Authors Alliance Submits Reply Comment in Copyright Office Press Publishers’ Right Study

Posted January 12, 2022
Photo by Roman Kraft on Unsplash

Last week, Authors Alliance submitted a comment to the U.S. Copyright Office, responding to its new study about establishing a new press publishers’ right in the United States which would require news aggregators to pay licensing fees as part of their aggregation of headlines, ledes, and short phrases of news articles. Our comment, made in the second round of comments on this study, also responded to an initial round of comments from other stakeholders. Authors Alliance opposes a new press publishers’ right because it is contrary to the interests of our members and small press publications and moreover is inconsistent with longstanding principles of copyright law. 

A New Press Publishers’ Right Would Not Help Many Authors and Publishers

In our comment, we explained that Authors Alliance does not support the adoption of a new press publishers’ right. As a policy matter, making it more difficult for news aggregators to enhance the availability of news articles means that those articles will likely reach fewer readers. Authors Alliance represents the interests of authors who have among their highest goals seeing their works reach wide audiences, and takes the position that this new press publishers’ right would not serve the interests of these authors. 

While some commenters argued that news aggregation has led directly to a decline in author and publisher incomes, other commenters, such as the Copia Institute, publisher of the publication TechDirt, pointed out that news aggregation serves its interests by helping its news articles reach readers. As a small publisher, Copia’s business model depends on news aggregation to see its work make an impact, and making it harder for news aggregators to do this would thus not serve its interests. While larger publications may be able to extract licensing revenue under a new press publishers’ right, smaller publishers lose out on both licensing revenue and the wide audiences they can reach through news aggregation. And authors who publish in press publications are not a monolith: while some authors may prefer to prioritize maximizing licensing revenue from onward uses of their work, other authors, such as many of our members, instead prioritize seeing their works reach broad audiences. Reaching wide audiences can help authors accrue reputational capital and advance their careers, which are some authors’ primary goals. Authors may also themselves aggregate press publications for research and collaboration purposes, and depending on the contours of the proposed right, it could create liability for these authors.

A New Press Publishers Right Would Run Afoul of Copyright Law

To make matters worse, a new press publishers’ right threatens to undermine important exceptions and limitations to copyright, like the free use of uncopyrightable subject matter such facts and ideas, and the doctrine of fair use. Yet several commenters argued that aggregating headlines and ledes should require a license and corresponding payment. This was the case despite the fact that the Copyright Office stated in its Notice of Inquiry that titles and short phrases are not protected by copyright, a longstanding principle in copyright law. In fact, the idea that reusing snippets of copyrighted works for a different purpose than the original—such as to preview news articles from different publications on a given topic—has been affirmed in numerous court cases, notably Authors Guild v. Google. Proponents of a press publishers right attempted to avoid the issue of titles and short phrases not being copyrightable by arguing for a novel “qualitative vs. quantitative” inquiry as to whether these short excerpts are subject to copyright protection. Under such a theory, if a title or short phrase is extremely creative, it should be protected. But there is no basis for such a theory in copyright law, which instead establishes that short phrases and titles are not protected—full stop.

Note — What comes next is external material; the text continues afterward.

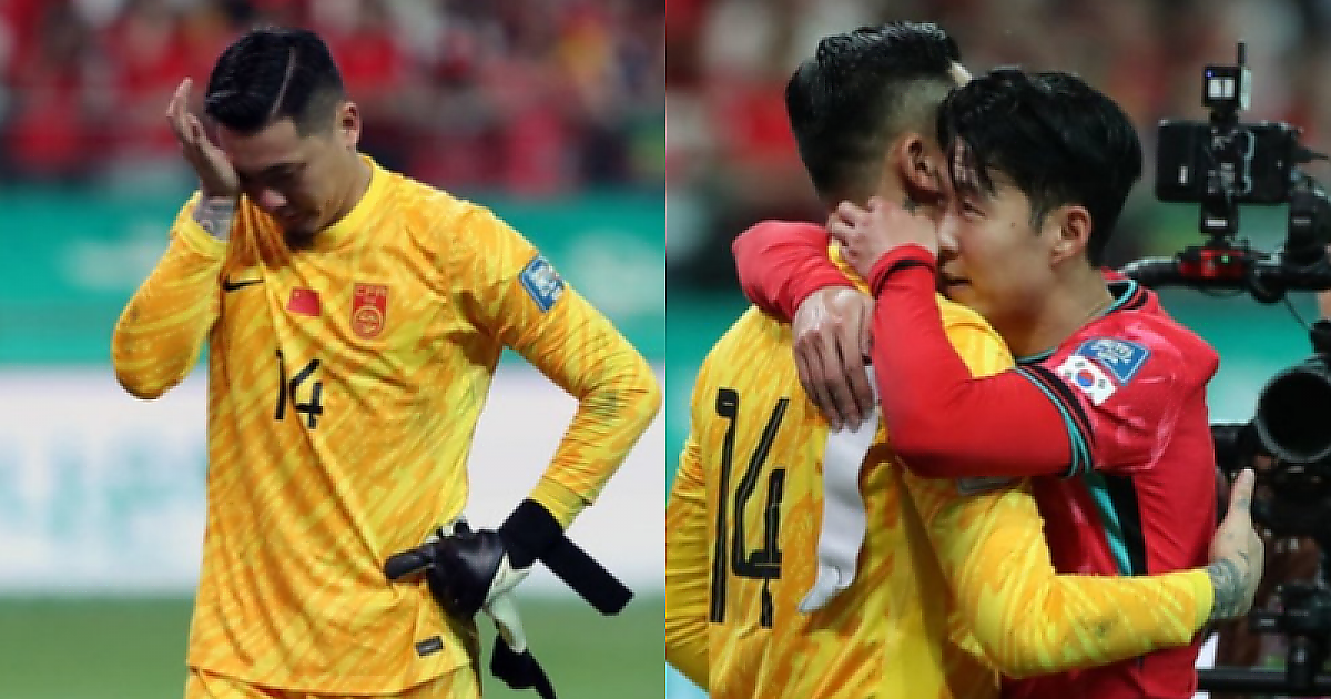중국의 골문을 든든하게 지키던 '중국판 요리스'의 눈물을 위로하는 손흥민.....ㅠㅠㅠ(영상)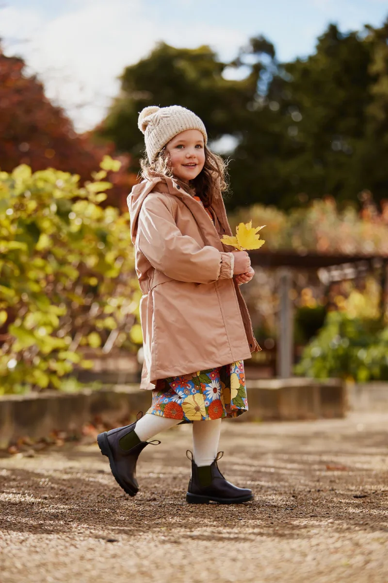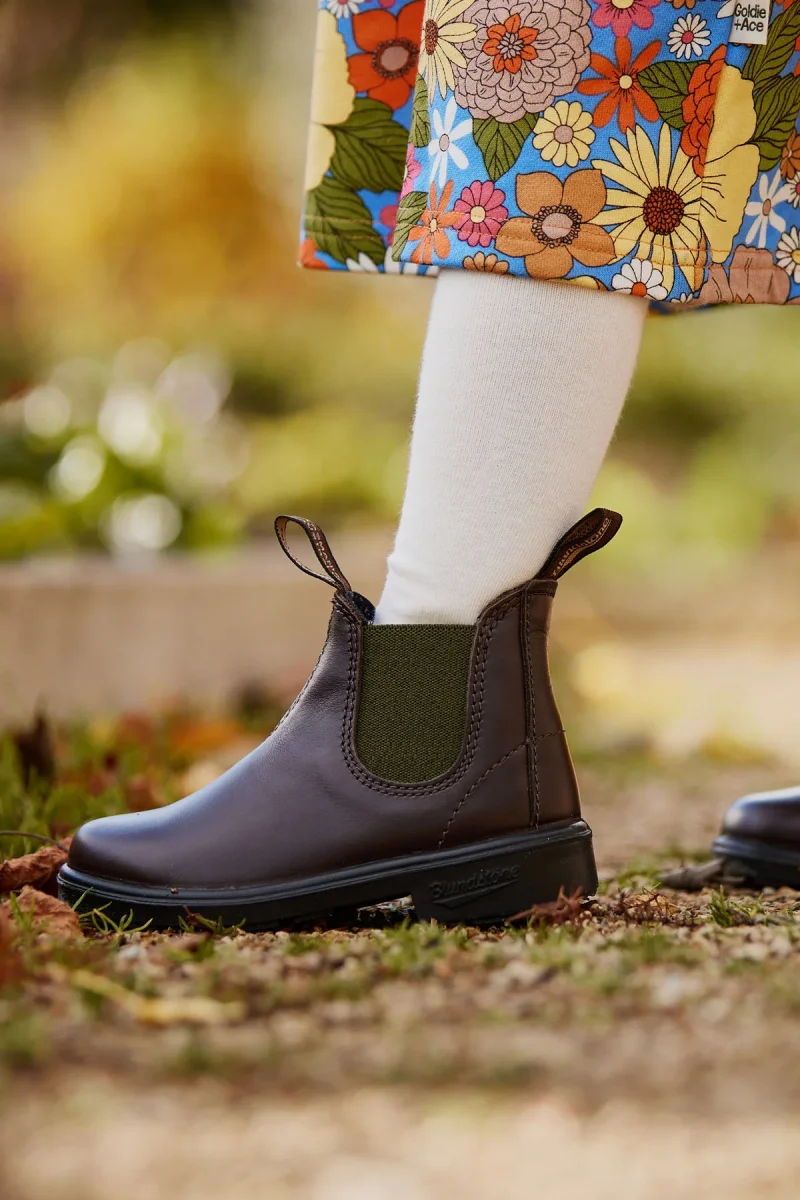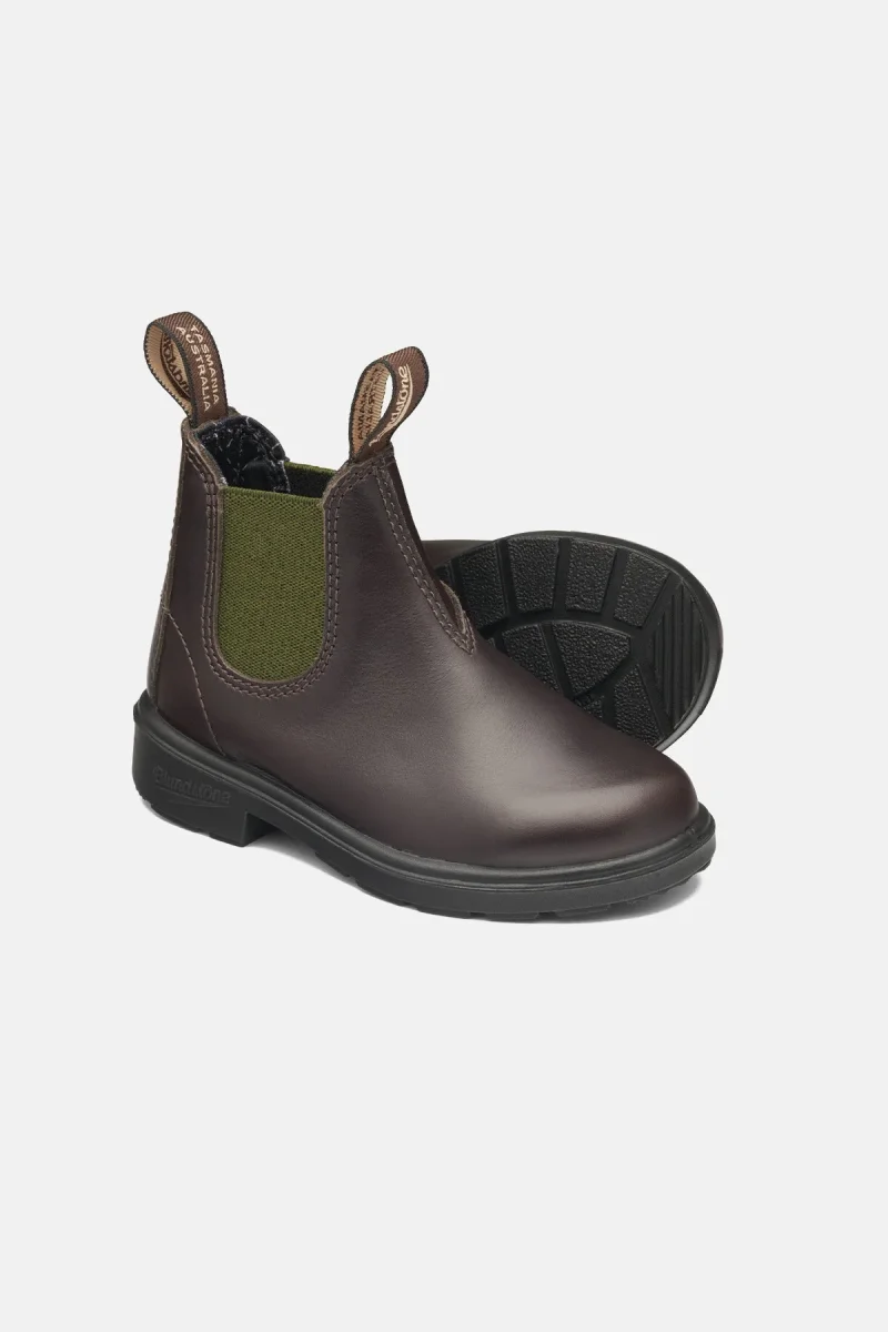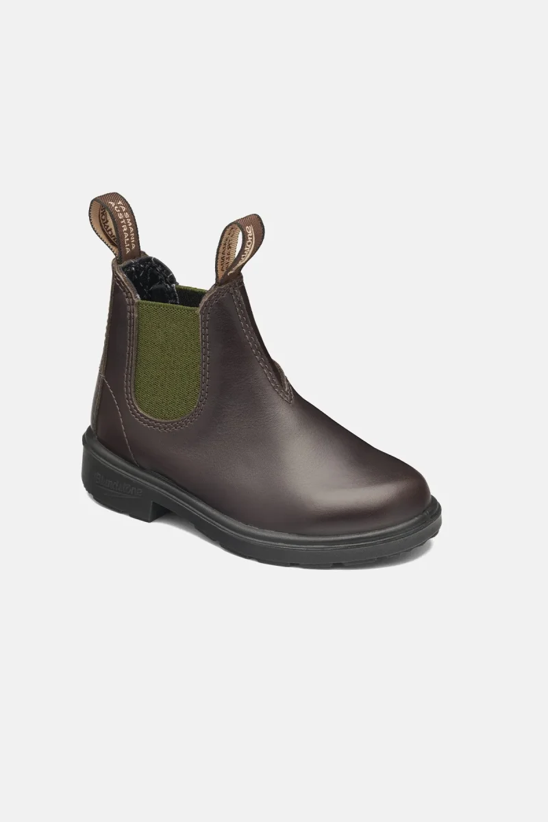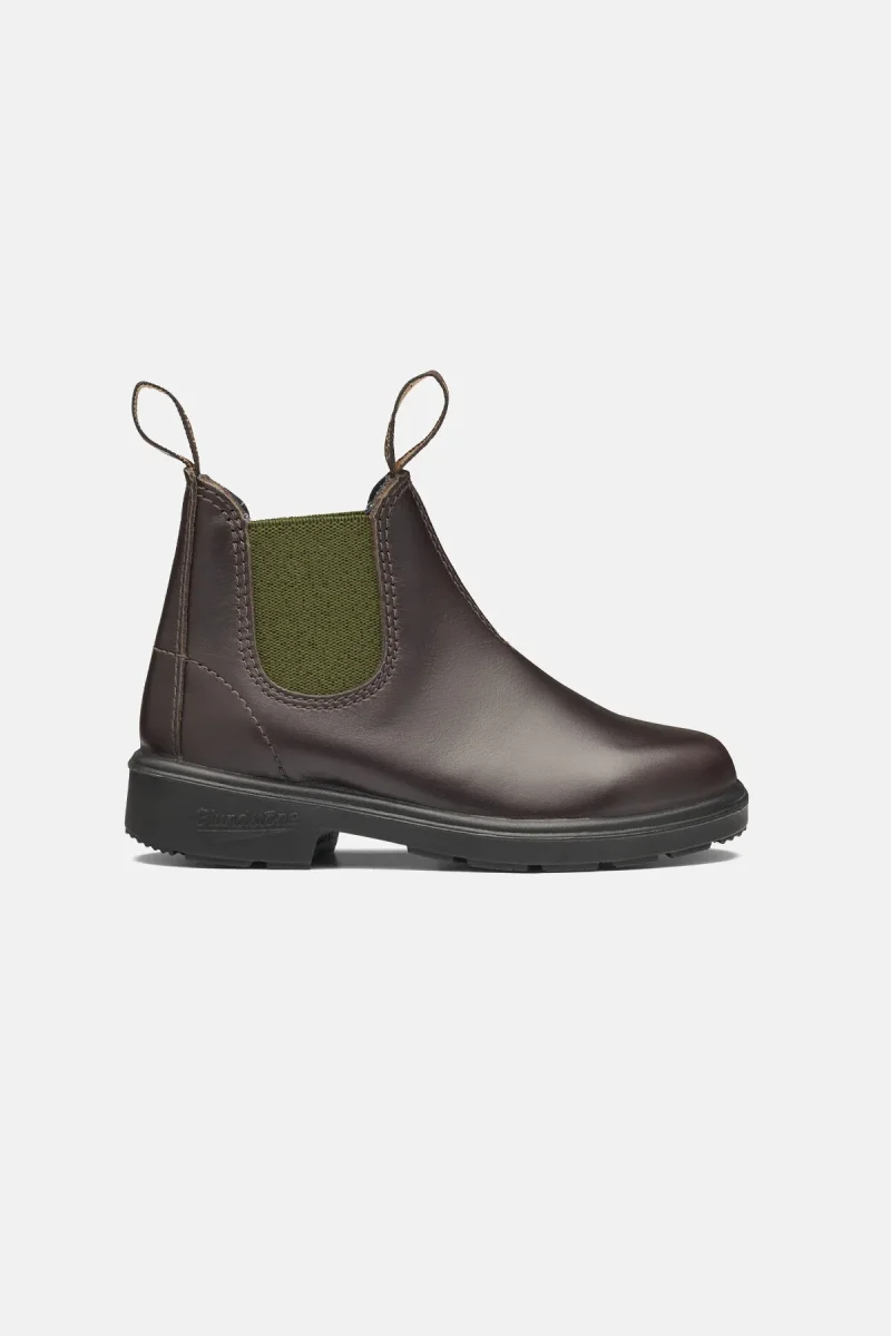 Gli stivaletti Blundstone #2394 della serie Kids, realizzati in pelle marrone resistente all’acqua con elastici laterali color oliva, sono stati progettati pensando alla sicurezza dei vostri bambini.

Similarly, proponents of a new press publishers’ right skirted the issue of requiring licensing for excerpts containing predominantly facts and ideas. Facts and ideas are not protected by copyright for reasons of public policy: these types of information are instead treated as “building blocks” of knowledge, free for others to use and build on. Because snippets of news articles tend to be quite fact-heavy, a new press publishers’ right could also undermine this important principle. 

Other Arguments Against A Press Publishers’ Right

In our comment, Authors Alliance also explained that a new press publishers’ right could be unconstitutional. If it were to require mandatory licensing for information which lacks the requisite originality for copyright protection, establishing this right could be beyond Congress’ authority. Yet some commenters argued that there should be no originality requirement for protecting headlines and ledes under a new press publishers’ right, which would be an improper expansion of the scope of what copyright protects.

Furthermore, we pointed out that establishing this right could violate U.S. treaty obligations under Article 10 of the Berne Convention. Often referred to as the “fair quotation right,” this provision requires all signatory countries to permit authors “​​to make quotations from a work which has already been lawfully made available to the public, provided that their making is compatible with fair practice, and their extent does not exceed that justified by the purpose[.]” This means that mandatory licensing for short excerpts could violate this obligation. 

Other opponents of the proposed press publishers’ right presented a variety of compelling arguments that it should not be adopted. Many echoed Authors Alliance’s sentiments, and also emphasized the important First Amendment protections for the press which preserve press publishers’ and authors’ right to speak and make editorial decisions about their content. A new press publishers’ right could also stifle innovation and chill journalistic speech, requiring more legal review of headlines and ledes in order for publications to avoid legal liability.